When Upbound authenticates to GCP it provides an OIDC subject (sub
) in the form:
mcp:<account>/<mcp-name>:provider:<provider-name>
Configure the google.subject attribute as assertion.sub
Under Attribute Conditions select Add Condition.
To authenticate any managed control plane in your organization, in the Conditional CEL input box put
1google.subject.contains("mcp:")
Select Save.

Create a GCP Service Account
GCP requires Upbound to use a Service Account. The required GCP roles of the service account depend on the services managed by your control plane.
- Open the GCP IAM Admin console.
- Select Service Accounts.
- From the top of the page, select Create Service Account.
Service account details
Under Service account details enter
Service account name: upbound-service-account
Service account ID: upbound-service-account-id
Description: Upbound managed control planes service account
Select Create and Continue.

Grant this service account access to project
For the CloudSQL as a service configuration the service account requires the roles:
Cloud SQL Admin
Workload Identity User
Select Done.

Record the service account email address
At the list of service accounts copy the service account email.
Upbound requires this to authenticate your managed control plane.

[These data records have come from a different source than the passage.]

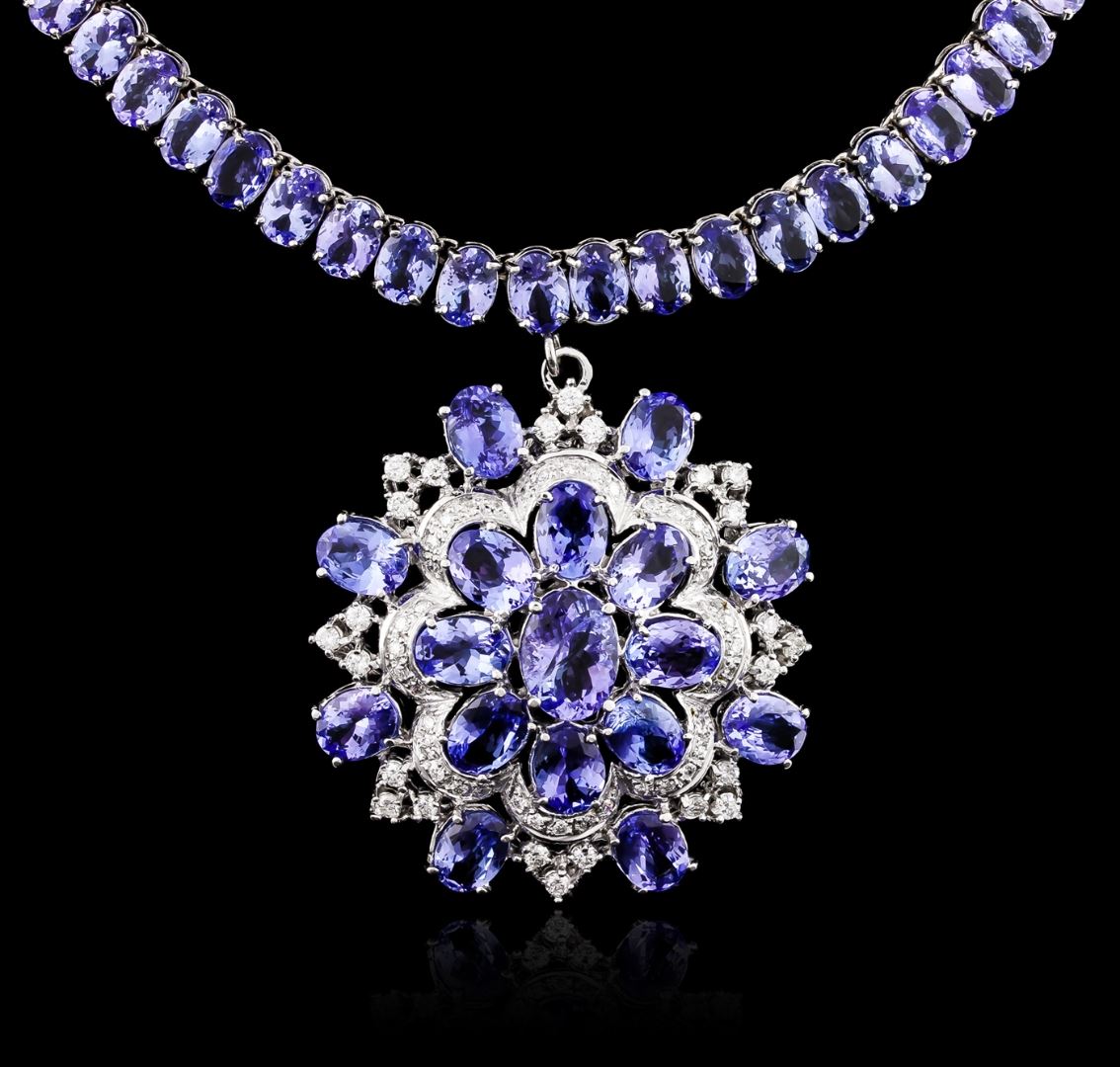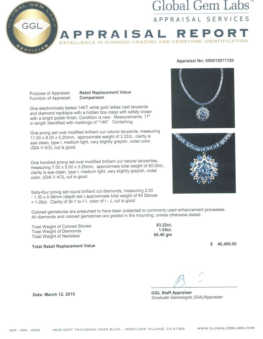 One electronically tested 14KT white gold ladies cast tanzanite and diamond necklace with a hidden box clasp with safety closer with a bright polish finish. Measurements: 17" in length Identified with markings of "14K". Condition is new. Containing: One prong set oval modified brilliant cut natural tanzanite, measuring 11.00. x 8.00. x 5.20mm, approximate weight of 3.22ct., clarity is eye clean, type I, medium light, very slightly grayish, violet color, (GIA V 4/3), cut is good. One hundred prong set oval modified brilliant cut natural tanzanites, measuring 7.00. x 5.00. x 3.25mm, approximate total weight of 80.00.ct., clarity is eye clean, type I, medium light, very slightly grayish, violet color, (GIA V 4/3), cut is good. Sixty-Four prong set round brilliant cut diamonds, measuring 2.00. - 1.30 x 0.99mm (depth est.) approximate total weight of 64 Stones = 1.05ct. Clarity: SI-1 to I-1. Color: I - J, Cut is Good. Colored gemstones are presumed to have been subjected to commonly used enhancement processes. All diamonds and colored gemstones are graded in the mounting, unless otherwise stated. Total Weight of Colored Stones 83.22ct. Total Weight of Diamonds 1.05ct. Total Weight of Necklace 60.40 grams. GGL Appraised at $40,495.00.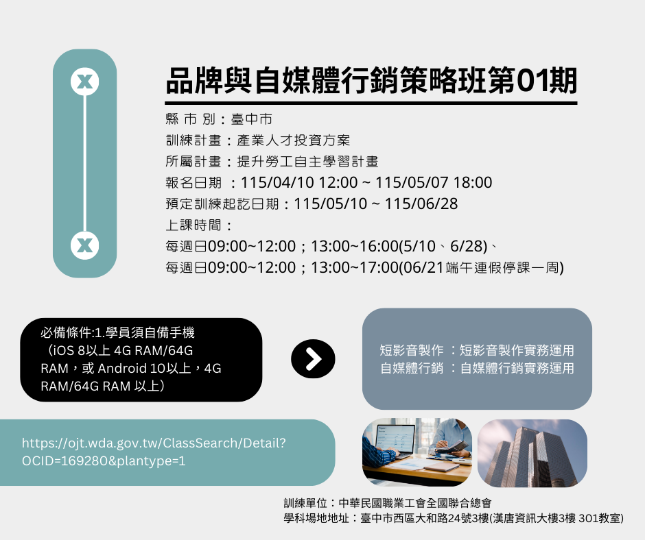 【資訊分享】品牌與自媒體行銷策略班第01(實體課程)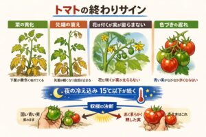 私としては、最終盤の判断は「実の有無」より「株の勢い」と「夜の気温」で見るのがいちばんブレにくいかなと思います。葉が黄化し、花が実にならず、色づきが極端に遅い。この3つがそろってきたら、収穫の終わりが近い合図と考えて大丈夫です。数値はあくまで一般的な目安ですので、最終的な判断はあなたの株の状態を見ながら進めてください。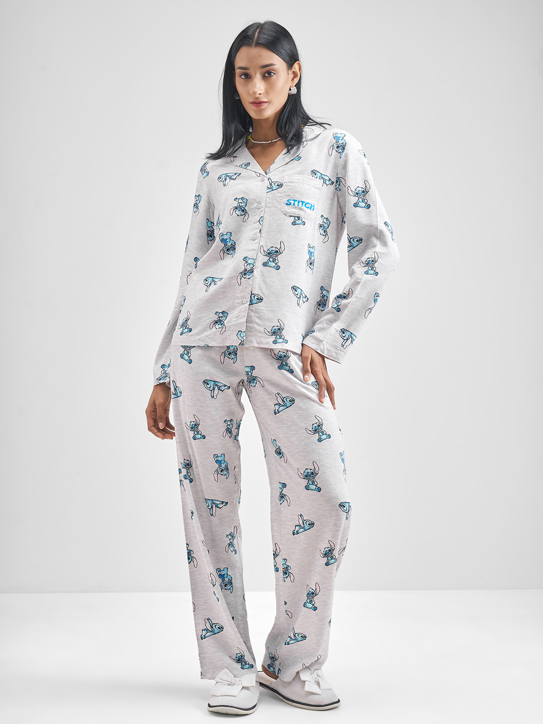 Tokyo Talkies Cartoon Characters Printed Lapel Collar Shirt With Pyjamas Night Suits

Add the service account to the identity pool
Add the service account to the Workload Identity Federation pool to authenticate to Upbound with OIDC.
- Return to the Workload Identity Federation page and select the upbound-oidc-pool.
- Near the top of the page select Grant Access.
- Select the new service account, upbound-service-account.
- Under Select principals use All identities in the pool.Select Save.
In the Configure your application window, select Dismiss.
Enable the Cloud SQL Admin GCP API
GCP requires explicitly enabling the Cloud SQL Admin API.
Go to the Cloud SQL Admin API page in the GCP console.
Select Enable.

Finish configuring the Upbound identity provider
Back in Upbound, finish configuring the identity provider.
In the Identifier of GCP project field enter your GCP project ID.
For the Name of federated identity provider, edit your GCP Project ID and enter:
1projects//locations/global/workloadIdentityPools/upbound-oidc-pool/providers/upbound-oidc-provider
projects/<GCP_PROJECT_ID>/locations/global/workloadIdentityPools/<OIDC_POOL_NAME>/providers/<OIDC_POOL_PROVIDER_NAME>
In the Name of federated identity provider field.
In the Attached service account email address field enter the service account email.
Select Authenticate.
Select Launch Control Plane.
Welcome to the Upbound Console
After completing the Get Started experience, you are in the Upbound Console and greeted by the Control Planes screen.

The control plane details view gives users a view into what’s happening on their control planes.
Create your first resource
From the control planes view, select the Portal tab, and select Open Control Plane Portal.
Select the PostgreSQLInstance resource.
Select the Create New button at the top-right of the page.
The form are the parameters defined in your custom API. Fill-in the form with the following:
- name: my-db
- namespace: default
- region: east
- size: small
- storage: 20
When you Create Instance the portal generates a Crossplane claim.
After creating an instance, the Events section are logs directly from Kubernetes.
Crossplane commonly generates a Kubernetes error cannot apply composite resource: cannot patch object: Operation cannot be fulfilled
that may appear as an Event.
You can ignore this error. For more information about what causes this, read Crossplane issue #2114.
Observe your resource
Navigate back to Upbound Console window and to your control plane in the Overview tab.
There’s now a claim card next to the PostgreSQLInstance
type card.
Select the claim and Upbound renders the full resource tree that’s getting created and managed by your managed control plane.
Congratulations, you created your first resources with your MCP.